Core Schema Architecture
The Core Schema architecture in pydantic-core provides a low-level, high-performance definition language for data validation and serialization. Instead of working directly with Python classes, the engine operates on a CoreSchema—a tree of TypedDict objects that describe exactly how data should be processed.
Permissive Validation with AnySchema
The most basic building block in the schema architecture is AnySchema. It represents a "pass-through" validation where any input is considered valid.
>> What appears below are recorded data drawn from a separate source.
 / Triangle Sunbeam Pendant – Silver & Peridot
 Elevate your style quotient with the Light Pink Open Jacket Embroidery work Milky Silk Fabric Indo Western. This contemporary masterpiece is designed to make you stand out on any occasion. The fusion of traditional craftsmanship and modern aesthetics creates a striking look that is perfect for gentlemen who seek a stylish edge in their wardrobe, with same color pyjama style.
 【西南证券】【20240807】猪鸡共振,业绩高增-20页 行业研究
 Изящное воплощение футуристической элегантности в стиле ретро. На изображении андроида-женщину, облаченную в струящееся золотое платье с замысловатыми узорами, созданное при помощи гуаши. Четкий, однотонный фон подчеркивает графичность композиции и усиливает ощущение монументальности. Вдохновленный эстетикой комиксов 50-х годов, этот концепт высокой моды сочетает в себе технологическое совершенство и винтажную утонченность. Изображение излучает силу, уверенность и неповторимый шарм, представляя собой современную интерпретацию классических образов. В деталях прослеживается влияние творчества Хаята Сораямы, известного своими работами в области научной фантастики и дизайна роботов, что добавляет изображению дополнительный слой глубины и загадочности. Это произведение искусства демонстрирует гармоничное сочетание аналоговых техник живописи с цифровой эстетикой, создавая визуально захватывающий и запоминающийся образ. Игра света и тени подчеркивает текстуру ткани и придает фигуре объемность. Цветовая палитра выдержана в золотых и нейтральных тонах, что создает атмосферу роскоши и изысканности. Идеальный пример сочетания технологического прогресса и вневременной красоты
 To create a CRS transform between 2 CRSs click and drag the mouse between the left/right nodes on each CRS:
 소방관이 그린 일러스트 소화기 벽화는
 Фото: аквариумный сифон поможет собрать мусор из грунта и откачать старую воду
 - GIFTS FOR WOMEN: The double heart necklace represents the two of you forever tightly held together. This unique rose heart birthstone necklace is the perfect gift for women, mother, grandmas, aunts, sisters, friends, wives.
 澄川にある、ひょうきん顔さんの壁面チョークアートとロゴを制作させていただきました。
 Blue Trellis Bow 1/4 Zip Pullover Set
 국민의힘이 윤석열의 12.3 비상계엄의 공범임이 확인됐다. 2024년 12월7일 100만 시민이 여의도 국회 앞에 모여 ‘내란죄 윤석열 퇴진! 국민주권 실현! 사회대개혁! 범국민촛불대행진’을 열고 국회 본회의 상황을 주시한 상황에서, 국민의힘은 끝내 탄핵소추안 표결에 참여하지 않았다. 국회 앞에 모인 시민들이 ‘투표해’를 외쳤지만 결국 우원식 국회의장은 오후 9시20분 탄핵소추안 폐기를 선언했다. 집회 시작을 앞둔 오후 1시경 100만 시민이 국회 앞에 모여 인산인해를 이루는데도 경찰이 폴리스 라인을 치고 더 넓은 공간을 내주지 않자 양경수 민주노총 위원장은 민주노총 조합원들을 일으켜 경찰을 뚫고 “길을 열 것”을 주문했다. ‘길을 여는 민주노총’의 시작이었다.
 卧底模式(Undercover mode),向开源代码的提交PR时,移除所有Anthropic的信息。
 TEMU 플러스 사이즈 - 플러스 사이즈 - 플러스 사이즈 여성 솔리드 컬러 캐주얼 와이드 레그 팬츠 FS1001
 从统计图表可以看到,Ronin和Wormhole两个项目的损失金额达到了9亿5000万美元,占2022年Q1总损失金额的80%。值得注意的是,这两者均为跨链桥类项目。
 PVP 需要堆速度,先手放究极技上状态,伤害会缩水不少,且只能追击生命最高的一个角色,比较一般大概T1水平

This is frequently used as a fallback for collection items or when a field's type is truly dynamic.
In pydantic_core/core_schema.py, AnySchema is defined as:
class AnySchema(TypedDict, total=False):
type: Required[Literal['any']]
ref: str
metadata: dict[str, Any]
serialization: SerSchema
While it is permissive, it still supports the standard schema features like metadata for custom extensions and serialization rules for defining how the "any" value should be converted back to a serializable format.
Definitions and References
For complex data structures, especially those involving shared components or recursion, pydantic-core uses a registry-based approach. This prevents infinite recursion during the schema construction phase and allows multiple parts of a schema to point to the same validation logic.
The Registry: DefinitionsSchema
The DefinitionsSchema acts as a container. It holds a primary "entry point" schema and a list of "definitions" that can be referenced by name.
class DefinitionsSchema(TypedDict, total=False):
type: Required[Literal['definitions']]
schema: Required[CoreSchema]
definitions: Required[list[CoreSchema]]
metadata: dict[str, Any]
serialization: SerSchema
The Pointer: DefinitionReferenceSchema
To use a schema defined in the definitions list, you use a DefinitionReferenceSchema. This schema doesn't contain validation logic itself; instead, its schema_ref field points to the ref attribute of a schema inside the DefinitionsSchema.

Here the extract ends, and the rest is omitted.